The lackluster forum names and the catch all threads were stumbled over and either dealt with or ignored based on who had admin rights for what and when; so basically, the team isn’t really communicating well, and no one really knows where anything needs to be. But we are giving it the ‘old college try’.

As a secondary light source, I would like to add that the forum ‘klashistan’ was described to me as a place where ‘anything goes’ (remember this point, there will be a test later) I liked the idea, myself. Someplace to consign threads, and the contributing members to same, that have descended into ad hominem hell. It saves the moderator from endless accusations of “you deleted” and “I’ve been wrongly banned” type bullshit.

…and it is bullshit, because moderating is an unpaid thankless job, and most of the ingrates who use forums have no idea just how thankless it is. The next time one of you average members out there posts criticism of site moderation on a particular site, and it stays there, you should give that moderator a medal. Hell, throw him a party. Because there isn’t any reason that he had to leave it there.

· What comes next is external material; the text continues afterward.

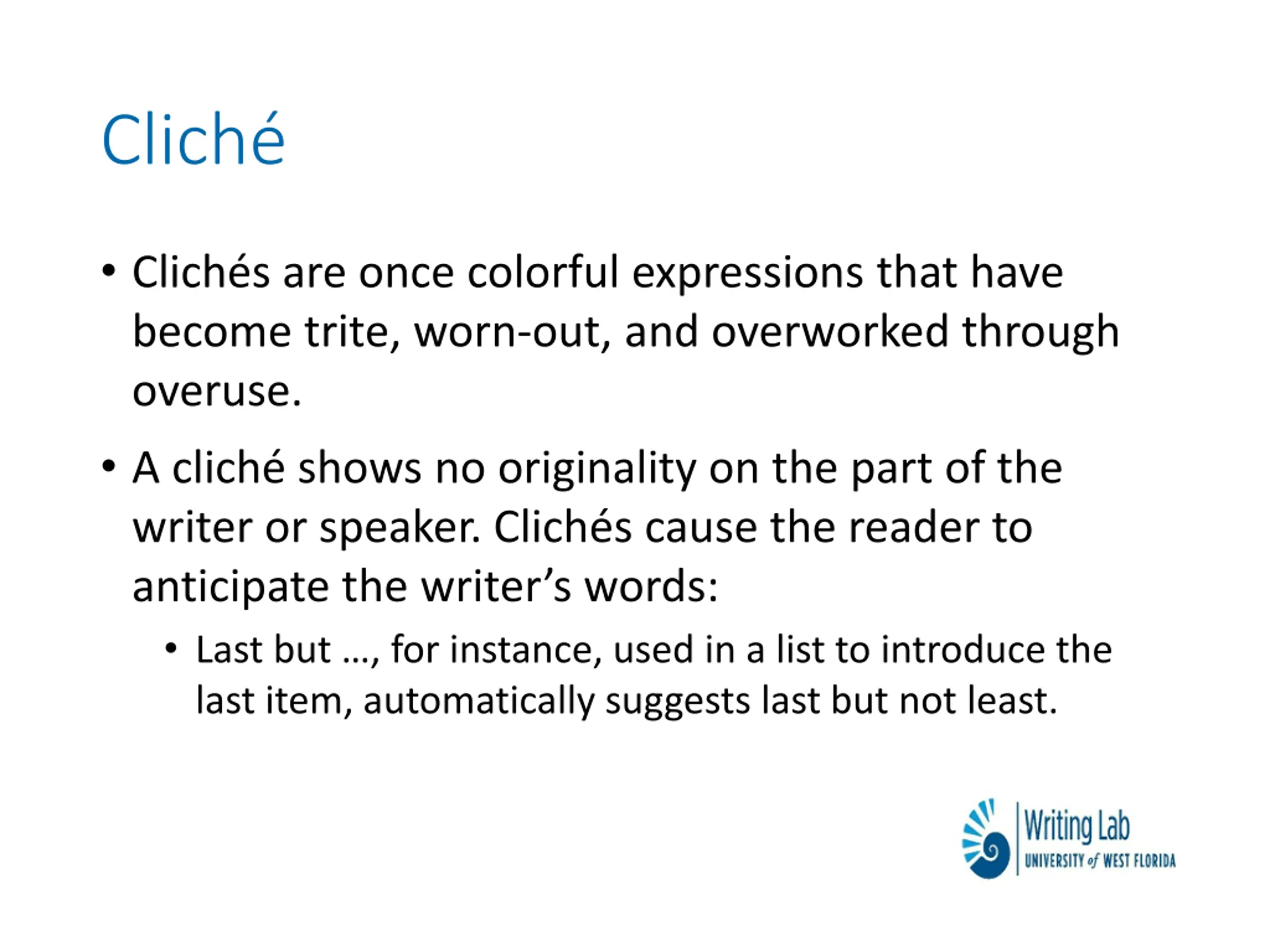 Clich Clich s are once colorful expressions that have become trite, worn-out, and overworked through overuse. A clich shows no originality on the part of the writer or speaker. Clich s cause the reader to anticipate the writer s words: Last but , for instance, used in a list to introduce the last item, automatically suggests last but not least.

That handles the lighting. Now for the play itself.

A pain-in-the-ass member from a Yahoo Group dedicated to the Liberty Dollar decided to join the “Liberty Dollar Online” forum; When I say Mark Queen is a “pain-in-the-ass”, I have previous postings to prove it. That’s a condensed version. The thread lasted at least a month in time and spanned at least 20 posts. Definition of “pain-in-the-ass”.

And he wasn’t the first one. A few others joined up earlier, and finding that I was the dreaded ‘moderator’ they left, letting the owner know that they were leaving ‘because of me’. Good riddance, not that I actually cared one way or the other. None of them posted much of anything to credit or damn themselves with; I’ll cherish a adversary who can put together a decent argument just as highly as I do someone who shares common cause with me; however, incompetent whiners I have no time for. It’s not my fault so few of them are up to the task.

But, Pain-in-the-ass Queen is savvy, so he posts his attacks directly to Klashistan, and refuses to elevate his discourse above the ad hominem level. When he first posted his issues with ALD, I dutifully created a poll that highlighted several of his points, in the proper forum, and invited everyone to come on in and discuss it. You could hear the crickets chirp.

Months go by. The new members come and go, not much happens, and Mark Queen is still pissing in the wind. Then he insults my dog. Well, I’m impervious to most attacks these days, but my dog was deeply offended. After pondering my response (the umpteenth response to the same question, mind you) I decided that ‘anything goes’ (I said there would be a test later) meant for the moderator as well, and I locked the thread in question, giving myself the ‘last word’ in the thread, as it were.

“Pain-in-the-ass” Queen complains to the site owner, Frank Motley. The site owner listens, his willingness to listen being only slightly effected, I’m sure, by the fact that Mark Queen has done business with him in the past, and is a friend of his. If I had known the number of relationships involved in this little fiasco (this wasn’t the first time I had a run in with a ‘friend of the owner’) I would never have volunteered to moderate in the first place. When the members can go whine to the boss directly, and he listens, then the ‘writing is on the wall’, so to speak.

The site owner has the administrator reverse my judgment. No questions of “hey, why did you do this Anthony?” No “would you mind changing this back?” Just a slap in the face by someone I’ve never met or conversed with, and a public statement of my lack of authority; albeit a feel good “he’s a great benefit to the site but has no real authority” type statement.

I’d been toying with bowing out as moderator for awhile anyway, and this had a ‘straw that broke the camel’s back’ type of feeling to it, so I made my stand on principle, knowing what the outcome would be.

…If a moderator can’t moderate, then what is he? If anyone can whine to the site owner, and he’ll reverse the moderator’s judgment, then who is really the moderator?


Not surprisingly, Frank has his own spin on things:

Not that I think it matters, but I have not “chosen Mark” over Anthony or anyone else. I made myself perfectly clear above.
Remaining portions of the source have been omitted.